## What you need to do
Copy out each line of the listing below in which the string "made" occurs.

## Data listing
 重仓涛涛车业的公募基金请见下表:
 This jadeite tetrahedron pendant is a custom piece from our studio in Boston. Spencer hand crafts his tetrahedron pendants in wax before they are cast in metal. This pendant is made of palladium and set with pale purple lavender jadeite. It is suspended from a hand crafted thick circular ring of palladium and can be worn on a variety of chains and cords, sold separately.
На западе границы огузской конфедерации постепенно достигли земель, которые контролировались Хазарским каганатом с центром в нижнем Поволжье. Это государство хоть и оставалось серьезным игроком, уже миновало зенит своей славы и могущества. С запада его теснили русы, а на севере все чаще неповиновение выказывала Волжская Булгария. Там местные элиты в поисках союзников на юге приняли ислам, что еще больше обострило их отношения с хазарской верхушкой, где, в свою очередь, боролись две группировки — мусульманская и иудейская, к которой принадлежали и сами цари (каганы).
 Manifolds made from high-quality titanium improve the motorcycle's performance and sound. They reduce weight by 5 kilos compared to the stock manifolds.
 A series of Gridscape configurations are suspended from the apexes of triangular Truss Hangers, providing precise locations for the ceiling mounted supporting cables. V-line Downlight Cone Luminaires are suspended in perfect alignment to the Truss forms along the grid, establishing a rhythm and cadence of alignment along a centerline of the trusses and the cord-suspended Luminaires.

--

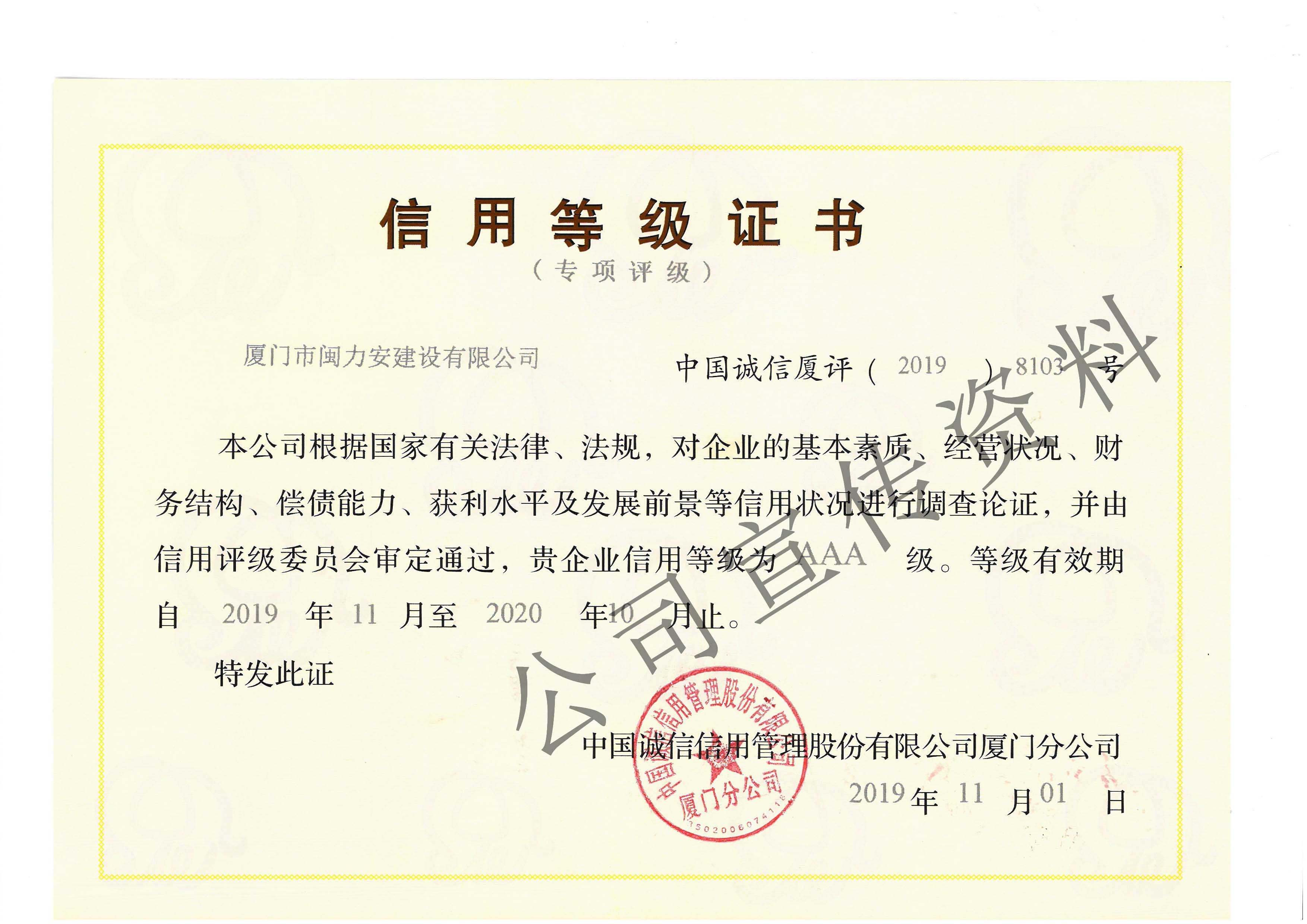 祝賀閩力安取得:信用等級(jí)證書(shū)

--

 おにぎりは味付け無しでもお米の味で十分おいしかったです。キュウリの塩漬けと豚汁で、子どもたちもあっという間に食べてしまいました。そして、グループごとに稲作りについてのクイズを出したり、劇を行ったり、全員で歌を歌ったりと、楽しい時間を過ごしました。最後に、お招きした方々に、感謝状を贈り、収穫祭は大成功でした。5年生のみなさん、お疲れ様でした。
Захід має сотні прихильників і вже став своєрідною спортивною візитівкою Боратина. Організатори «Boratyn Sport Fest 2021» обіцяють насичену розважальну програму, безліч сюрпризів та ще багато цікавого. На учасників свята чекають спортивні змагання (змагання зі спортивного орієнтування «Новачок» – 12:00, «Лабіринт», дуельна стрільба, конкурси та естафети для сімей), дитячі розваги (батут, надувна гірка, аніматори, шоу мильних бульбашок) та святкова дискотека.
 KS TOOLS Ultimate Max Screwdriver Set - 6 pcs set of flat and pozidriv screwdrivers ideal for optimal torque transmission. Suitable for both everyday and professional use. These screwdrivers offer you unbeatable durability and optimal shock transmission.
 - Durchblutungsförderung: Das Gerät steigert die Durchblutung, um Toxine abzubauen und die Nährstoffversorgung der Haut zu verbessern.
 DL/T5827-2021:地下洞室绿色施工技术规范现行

## Expected answer
 This jadeite tetrahedron pendant is a custom piece from our studio in Boston. Spencer hand crafts his tetrahedron pendants in wax before they are cast in metal. This pendant is made of palladium and set with pale purple lavender jadeite. It is suspended from a hand crafted thick circular ring of palladium and can be worn on a variety of chains and cords, sold separately.
 Manifolds made from high-quality titanium improve the motorcycle's performance and sound. They reduce weight by 5 kilos compared to the stock manifolds.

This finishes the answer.